ひねくれ師匠と偽りの恋人

紗雪ロカ@失格聖女コミカライズ

文字の大きさ
85 / 156
8-淫靡テーション

85.少女、デバガメする。

しおりを挟む
 翌朝、窓からの朝日に起こされたニチカは一瞬状況が理解できなかった。だが目の前にある男の寝顔を見てすべてを思い出す。這い出るようにベッドから降りると床の上に手と膝をついた。

(うわぁぁぁ! 結局朝まで添い寝しちゃった、途中で抜け出して自分の部屋に戻るつもりだったのに!)

 肌寒い夜。ぬくもりが心地よく気づけば熟睡していた。久しぶりに夢も見ずに懇々と眠った気がする。頭もスッキリとしていて身体も軽く、風邪を移された心配もなさそうだ。チラッと振り返ると、オズワルドはゆったりと胸を上下させながら眠り続けていた。薬が効いているのか顔色も良い。

 少しだけ微笑んだニチカはそっと部屋を出た。自分の部屋で軽く身仕度を整え、魔導球を杖の形に戻す。鏡を見ると首筋に見慣れない痣を発見して顔を赤らめる。慌てて襟を正して見えないようにした。扉を開けて階下へ降りると、トントンというリズミカルな音でウルフィが起きたようだ。カウンターの下で一晩を明かしたらしい彼は寝ぼけ眼のままぱたりと尻尾を振る。

「あれぇ、おはようニチカ。出かけるの?」
「うん、ちょっと調査してくる」

 それなら僕も、と腰を上げたオオカミを制し、少女は階段の上を指した。

「オズワルドが風邪ひいたみたいなの。だいぶ落ち着いたみたいだけど、まだちょっと心配だから看てて貰える?」
「ご主人カゼひいたのー? びしょぬれのまんま歩くからだよー」

 クス、と笑って宿のドアを開ける。通りは朝の光に包まれキラキラと輝いていた。振り返り軽く手を振る。

「それじゃよろしくね、朝ごはんまでには戻るつもりだから」
「いってらっしゃーい」

 後ろ手に扉を閉めた少女は颯爽と歩き出す。陽も昇り始めたばかりなので通りに人は居ない。宿の夫婦も帰ってきているようだし、夜のミサは解散になっているはずだ。

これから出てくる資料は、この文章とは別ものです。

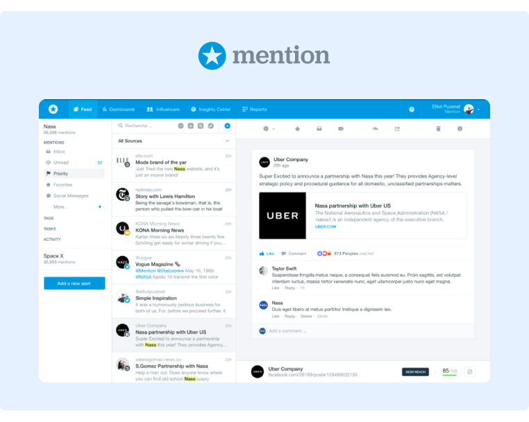 Finalmente, la función Escuchar de Mention es esencialmente una herramienta de análisis que lo ayuda a comparar tendencias y filtrar por conversaciones clave. De esta manera, puede identificar rápidamente las tendencias sociales más populares entre su público objetivo y optimizar mejor las futuras campañas de marketing.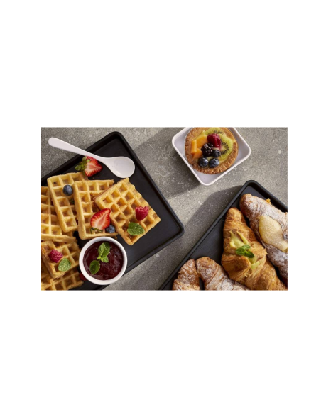 Vassoio rettangolare in melamina, perfetto per pasticcieria elegante e versatile, dal grande impatto estetico, ideale nella ristorazione professionale per dare un tocco originale e raffinato alla presentazione dei cibi.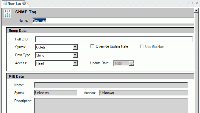 Name: Enter the name of the SNMP Tag. The name of the tag is critical. For Scalar Values, Table Tags and Array Tags (see Exploring the Network), you can change the name of the tags, without limits. For array elements, it is really dangerous to change the ending part of the name because it contains information about the Full OID itself.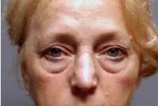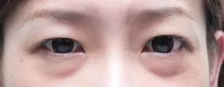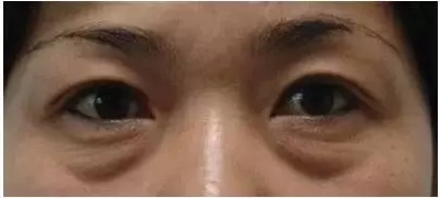 单纯性下睑及外眦皮肤松弛,但无眶膈松弛,所以无眶隔脂肪突出,眼周伴有细小皱纹出现。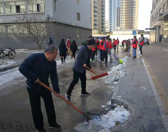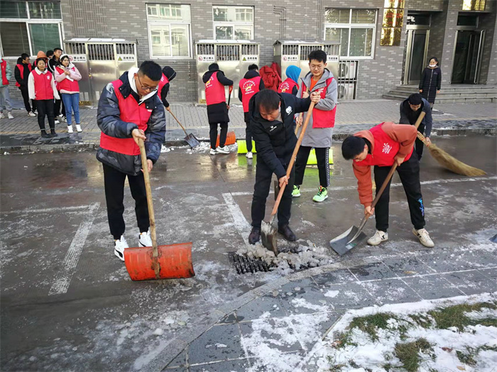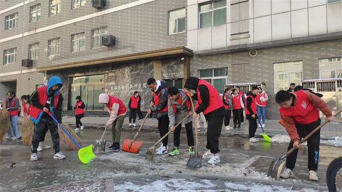 除雪现场,志愿者们身穿“红马甲”,纷纷拿起铁锹、雪铲、扫帚等劳动工具,铲的铲、扫的扫,默契配合,干得热火朝天,忙碌的身影构成了校园里一道亮丽的风景线。王正强等党员干部也手拿工具,与志愿者们一同铲雪,道路湿滑,减退不了志愿者们扫雪的热情,抵挡不住为师生服务的暖心。经过一个多小时的清理打扫,路面结冰得以清除,门前也恢复了整洁。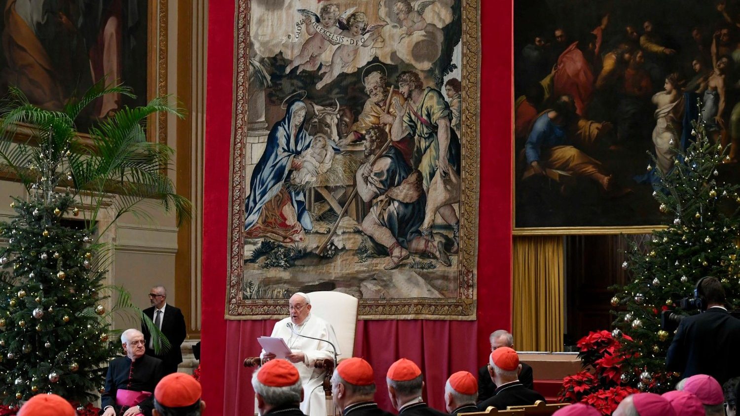 استقبل البابا فرنسيس أعضاء الكوريا الرومانية لتبادل التهاني بحلول عيد الميلاد كما جرت العادة سنوياً، ووجه للحاضرين كلمة قال فيها إنَّ سرّ عيد الميلاد يوقظ قلوبنا على دهشة إعلان غير متوقّع: الله يأتي، الله هنا في وسطنا وقد بدّد نوره ظلمات العالم إلى الأبد. نحن بحاجة لأن نصغي دائمًا لهذا الإعلان ونناله، لاسيما في زمن لا يزال مطبوعًا للأسف بعنف الحرب، ومخاطر تاريخيّة نحن معرّضون لها بسبب تغيّر المناخ، والفقر والآلام والجوع وغيرها من الجراح التي تملأ تاريخنا. من المعزّي أن نكتشف أنه حتى في “أماكن” الألم هذه، كما في جميع فسحات بشريّتنا الهشة، يحضر الله في هذا المهد، المذود الذي اختاره اليوم لكي يولد فيه ويحمل محبة الآب للجميع؛ وهو يقوم بذلك بأسلوب الله: القرب والشفقة والحنان.

(魔水晶を破壊するには大人も子供も寝ている今しかない)

 一人なことに多少の不安はあるものの、今のニチカは自信に満ちあふれていた。なぜか体の隅々まで魔力が行き渡り、頭の中が澄み切っている。軽く手を振るだけでイメージ通りに炎が溢れ出てきた。

(これなら大丈夫!)

 火炎を消し去った少女は、教会の前へと来ると昨夜の正面扉ではなくグルっと回り込むように移動した。すると四分の一左に回り込んだところで勝手口のような小さな扉が目に入る。空いていないだろうかとそっと引っ張ると、すぐにガチンという手ごたえが返ってきた。そう上手くはいかないものだ。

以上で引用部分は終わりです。